“I mean, when I got up this morning, he was gone. And Sly assigned me to your detail.”
She turned away from him, her throat tightening.
Gone.
Because she’d made him suffer in silence.
Brilliant plan, Glo. Just brilliant.
Operation Angry Tate: mission accomplished.
Ford wasn’t leaving. Not the baseball game, despite the hot sun, and clearly not her life.
Or at least he hadn’t left yet, and going on day five, with him cheering for Gunnar as her brother squinted into the sun in the outfield, Scarlett was starting to get the message.
One she should have spotted on the horizon when thirty seconds after they pulled up, as she’d been retrieving her gear from the back seat, Ford got out.
Then he’d walked around the truck to intercept her mother’s burly boyfriend with a hand out, all gentlemanly, introducing himself as Petty Officer First Class Ford Marshall. With the US Navy SEALs. And yes, he was a teammate of Scarlett.
Sort of like a throwdown, right in her mother’s grassless front yard.
Axel shook his hand, tight-lipped, trying to turn Ford to ash, and although he stood about an inch taller than Ford, maybe six-one, and had the shoulders of a small buffalo, he didn’t possess Ford’s confidence, the buzz under his skin that tremored the very air around him that said: Be. Careful.
Not that Ford emanated that on purpose, but it simply oozed out of him, a product of thousands of hours jumping out of planes and swimming through dark waters and scaling rough terrain and surviving active shooters, people who wanted to kill him.
So no, Axel Montrose hadn’t a prayer of intimidating Ford.
Ford had let him go then and turned to help her with her duffel bag.
That was a first.
Mostly because she was usually the one helping them with gear, thanks to her job as a supply officer and communications liaison.
He took her big bag from her, not meeting her eyes, and walked it to the front porch, setting it there. And that might have been the end—he might have gotten into his truck and driven away—if her mother hadn’t come outside to greet them.
She still looked like a California beach song. Sure, she had a few years on Scarlett, but Sammy-Jo Hathaway had a body made for sunshine and bikinis.
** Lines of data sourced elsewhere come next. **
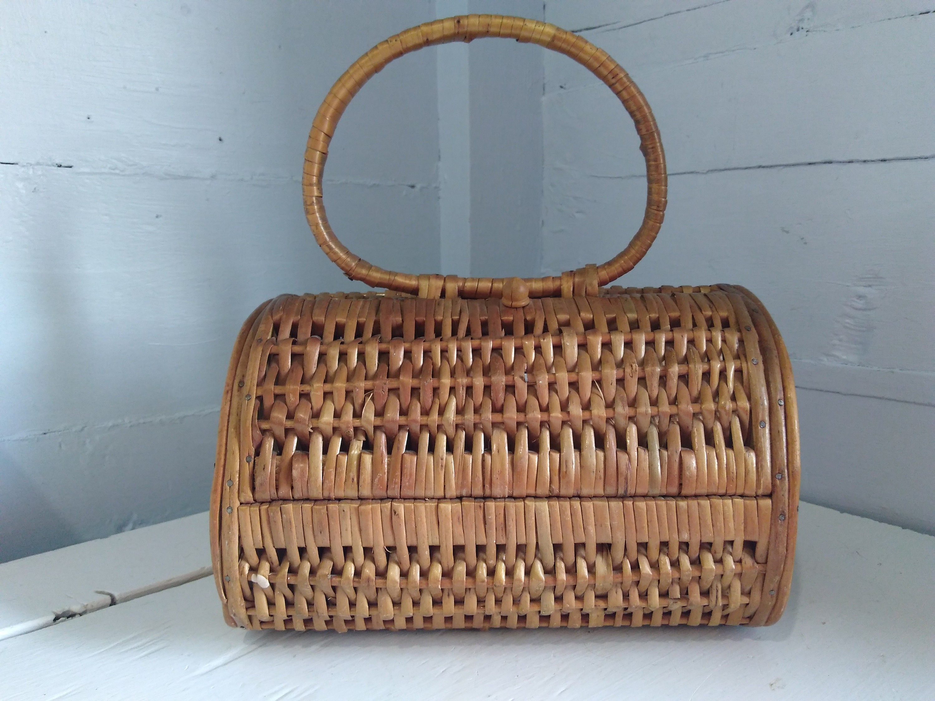 Vintage Wicker Basket Purse Gathering Basket Beach Picnic
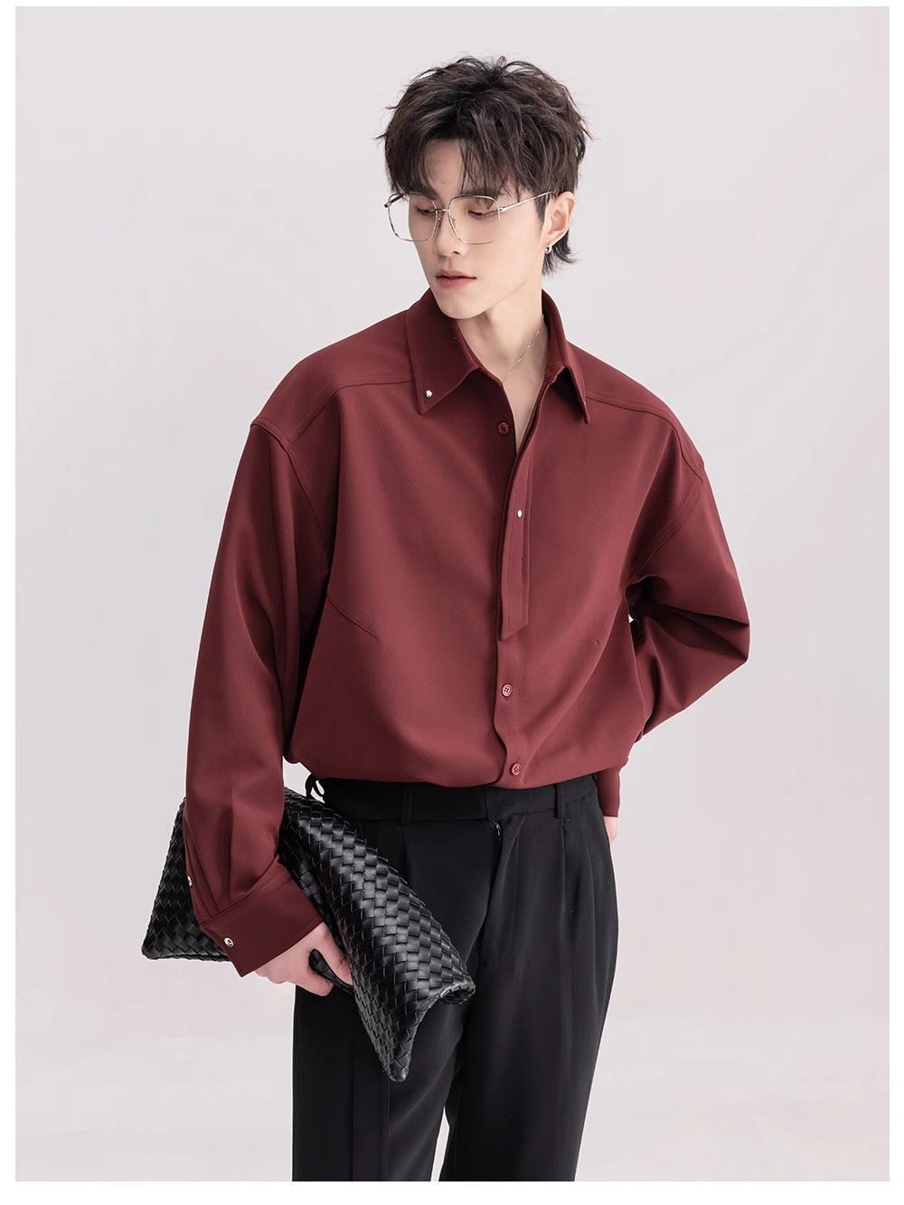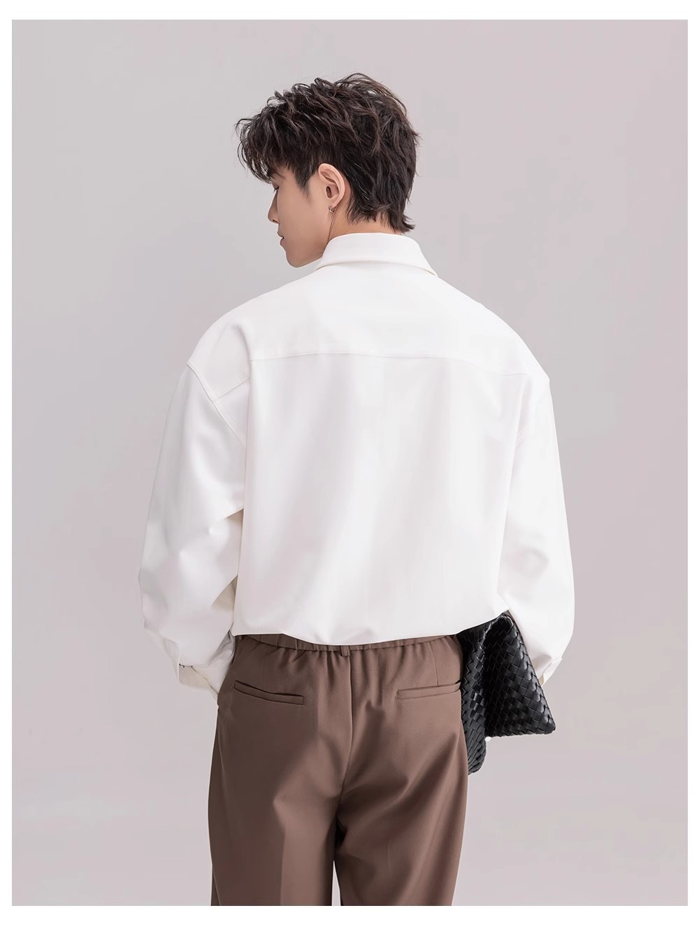 봄, 가을 남성용 크로스보더 셔츠, 한국 트렌디 브랜드, 루즈하고 활용도가 높은 솔리드 컬러 캐주얼 라펠 셔츠, 남성 트렌디스토어 가기
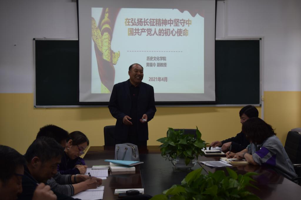 5月19日下午,数学与统计公司邀请历史文化公司黄福令副教授做题为《在弘扬长征精神中坚守中国共产党人的初心使命》的专题党史讲座。讲座由副经理包来友主持,全体教职工参加。
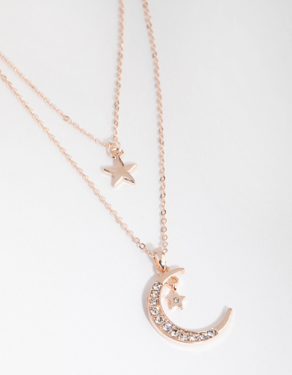 Rose Gold Diamante Moon & Star Necklace
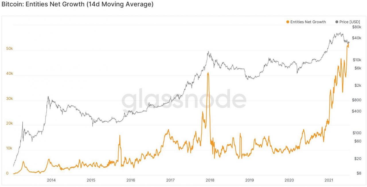 一些分析师强调的一个可能的看涨指标是“实体净增长”比特币指标,随着 BTC 的价格跌至 40,000 美元以下,该指标在最近几周攀升至新高。
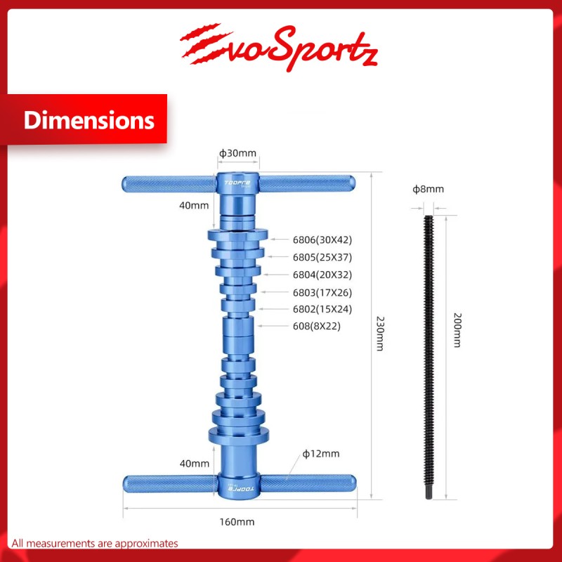 Enjoy 5% off retail price when you walk-in to our store to purchase as a member.The Toopre Hub Bearing Installation Kit is CNC manufactured for precision. With multiple adapters for you to switch between, it supports many common sizes of press-fit bottom brackets that you may need, as well as common bearing sizes.
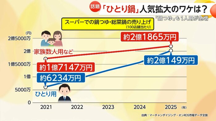 全国のスーパー100店舗あたりのひとり用の「鍋つゆ」や「鍋」の売り上げは、今や「数人用」を追い抜きそうなほどニーズが拡大している。
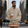 FÖRFINAD JAKARDSTRIK: Upplev enastående komfort och stil med vårt unika texturerade jakardtyg. Detta intrikata mönster ser inte bara sofistikerat ut, utan känns också mjukt och substansiellt, vilket förhöjer din vardagliga look.
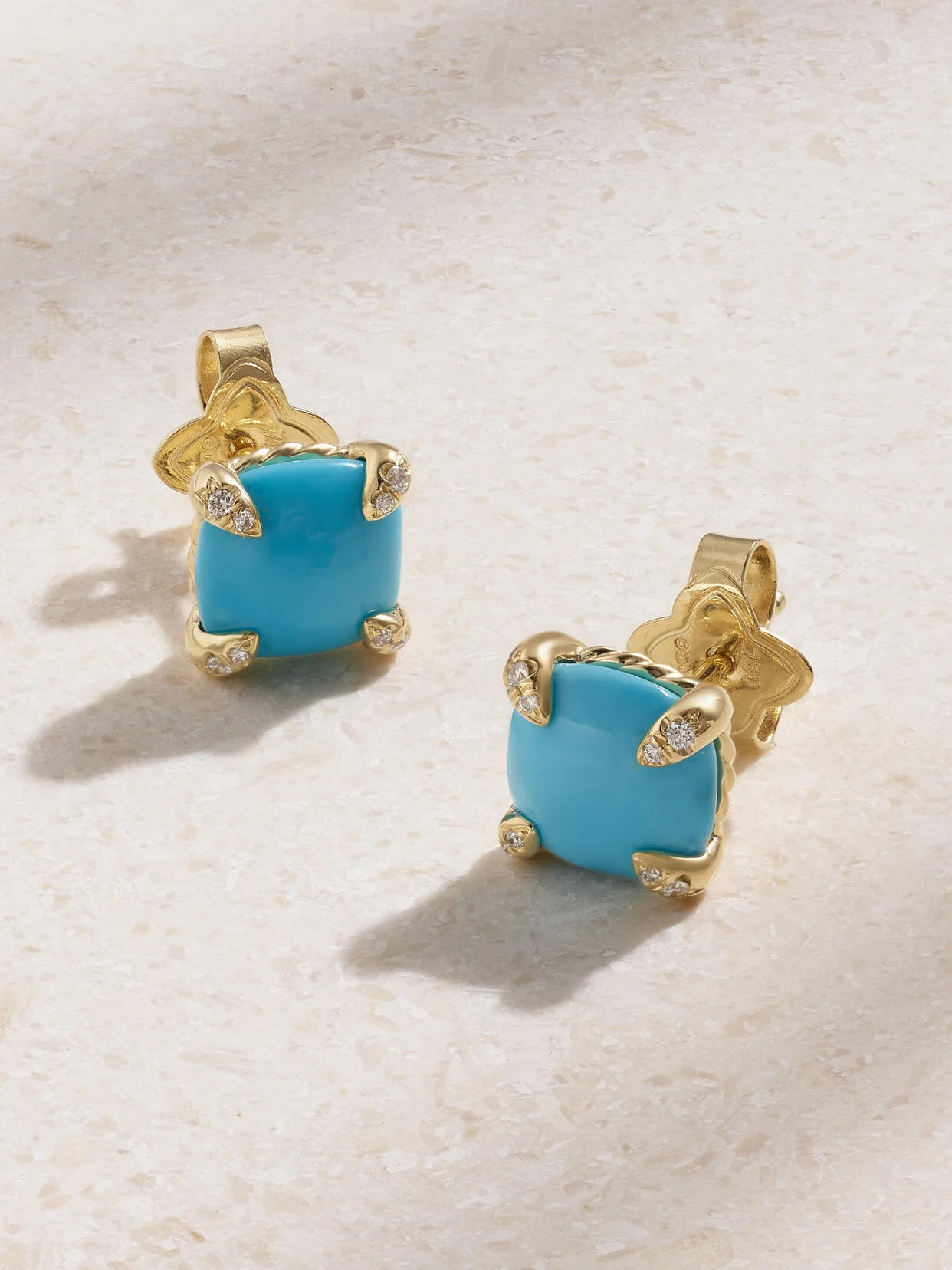 David Yurman's earrings are part of the label's 'Chatelaine®' collection, which is inspired by the designer's sculptural eye and his wife's love of painting and color. They're cast from 18-karat gold and set with turquoise and tiny sparkling diamonds in the claw prongs.
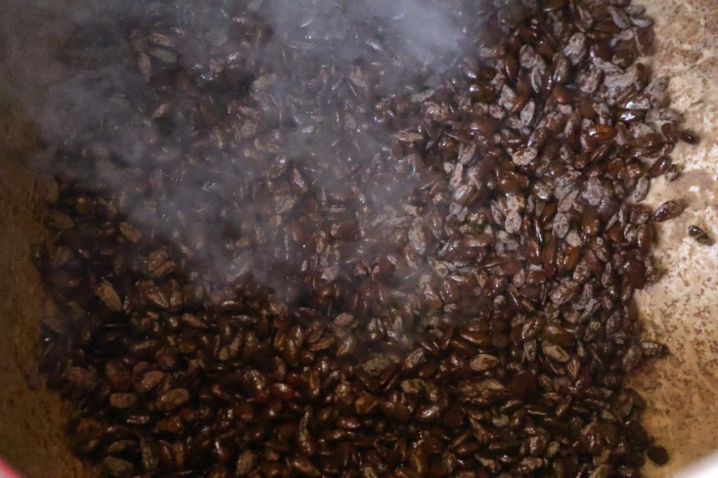 Badem şekeri ustası Coşkun Ceylan ise, “Kahveli badem şekeri fikri, müşterilerimizin önerileriyle ortaya çıktı. Kahve alışverişi yapanlar, kahve aromalı badem şekeri fikrini çok sevdiler. Özellikle kahve kültürüne sahip olanlar bu yeni tatı çok beğendi. Her iki günde bir yeni üretim yaparak bu talebi karşılıyoruz,” şeklinde konuştu.
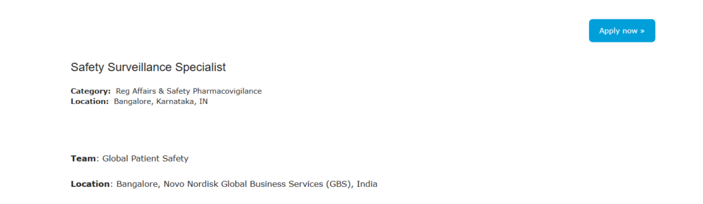 The Safety Surveillance Adviser team is part of Global Patient Safety and is based in Bangalore, India. The team is responsible for monitoring, evaluating, and communicating the safety profile of Novo Nordisk products throughout their lifecycle. Safety Surveillance Specialist Jobs
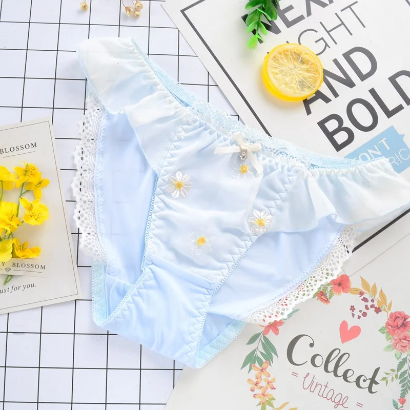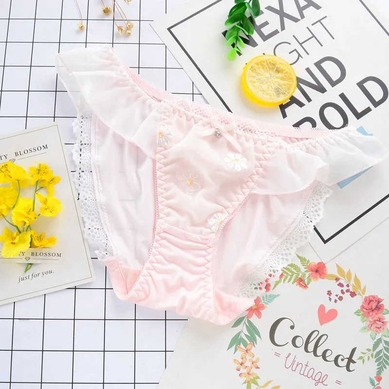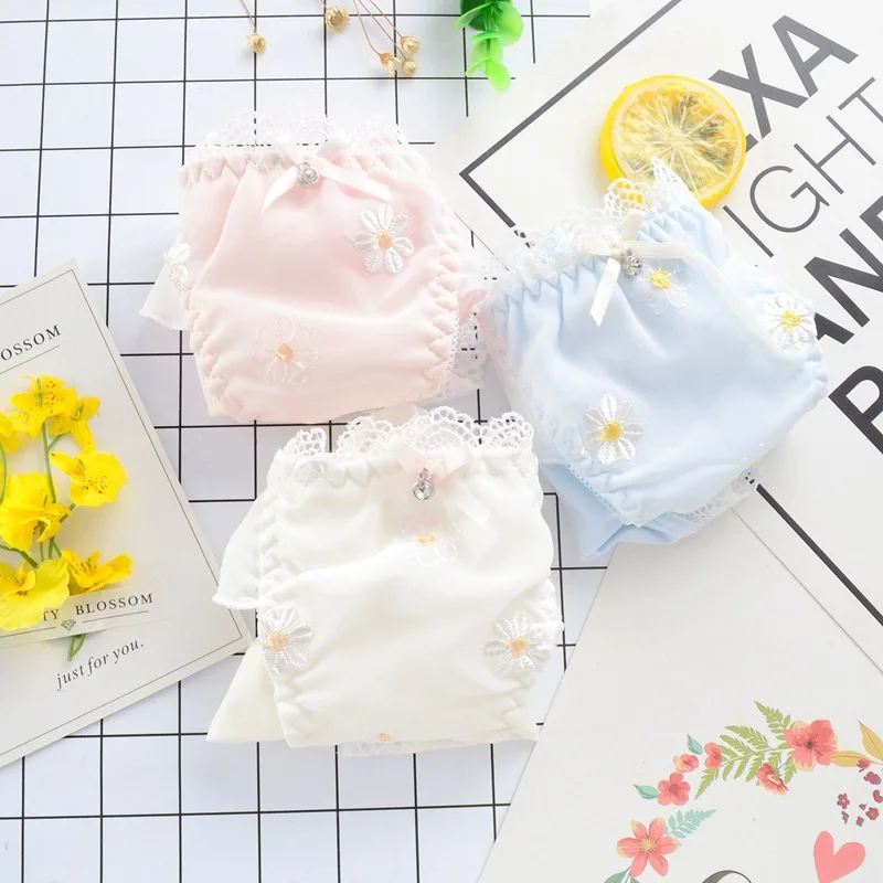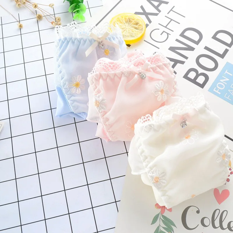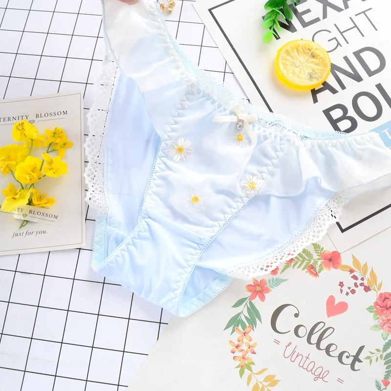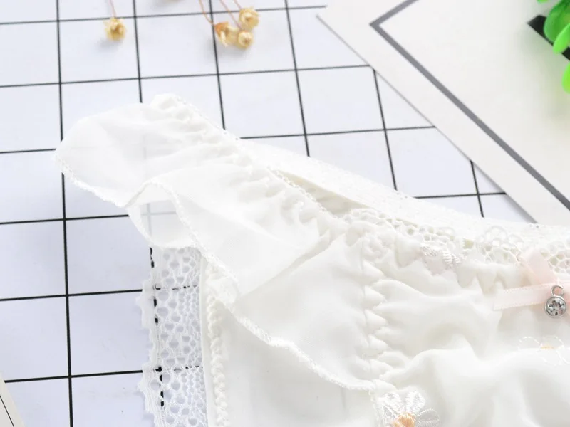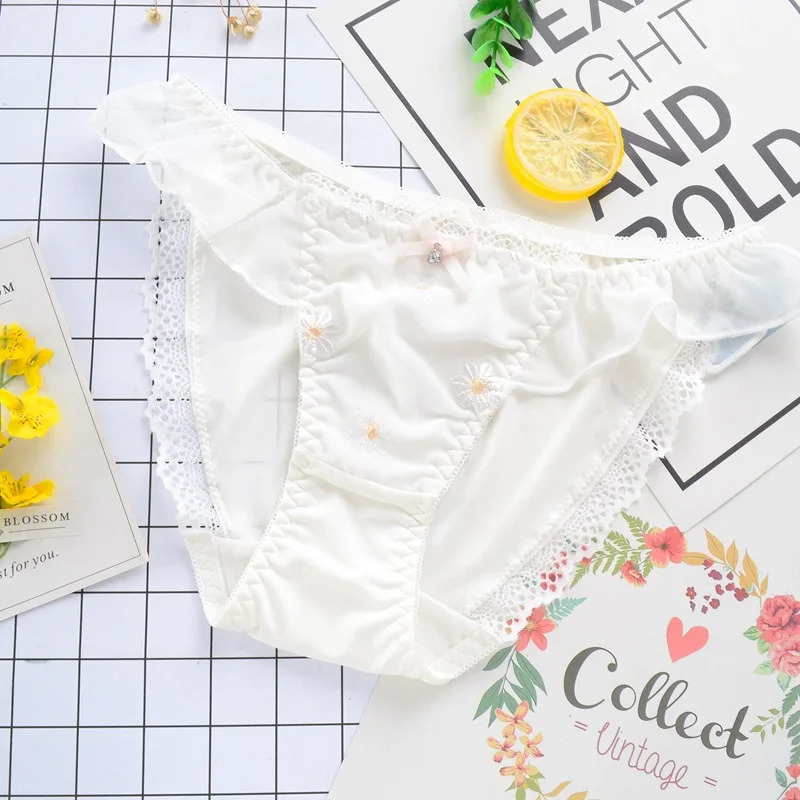 Leecheeхлопковые трусы для молодых девушек, японские трусики из молочного шелка, милое женское нижнее белье с цветочной вышивкой и кружевным бантом, сексуальное нижнее белье
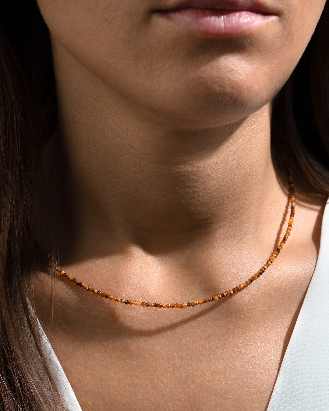 Le collier Messi met en valeur un délicat ras de cou composé de fines pierres facettées en œil de tigre de 2 mm.
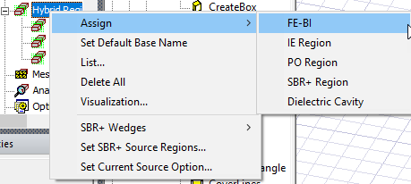 - If an SBR+ Region is assigned, the design becomes one way coupled. (See Assigning Hybrid Regions.) You can use the Set SBR+ Source Regions command to group source regions for SBR+ for two-way couplings between the grouped regions.
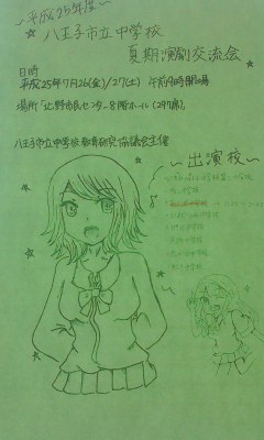 各階に八王子市立中学校夏季演劇交流会のポスターが貼ってあります。7月27日(土)北野市民センターで行われます。

Scarlett had long ago realized she’dgotten her curves, including the hips she couldn’t quite get rid of, from the father she couldn’t remember, because Sammy-Jo still sported a size four frame, legs that didn’t quit, and a bustline that most twenty-year-olds would be jealous of. She came out wearing a sports bra, a pair of leggings, and an off-the-shoulder sweatshirt, as if she might be caught in the eighties. Her blonde hair was up in a high ponytail and frankly, her mother looked about twenty-five.
Not forty-three.
And maybe not even high.
Her eyes had lit up. “Scarlett?” She came down the stairs in her flip-flops and threw her arms around her daughter.
Scarlett couldn’t move, just holding on, painfully aware that maybe she’d dreamed up her panic. Sorry, Ford.
But he stood back, his hands in his pockets, smiling.
Her mother backed away, caught Scarlett’s face in her hands. “You’re so beautiful!”
Huh.
Then she turned and looked at Ford. “And this must be that boyfriend you told me about.”
Oh. No. No—uh, her mother was clearly remembering back to the brief romance she’d had almost five years ago. She glanced at Ford, not sure what to say, but he simply held out his hand.
“Yes, ma’am. My name is Ford.”
Then he leaned forward and gave her mother a kiss on the cheek.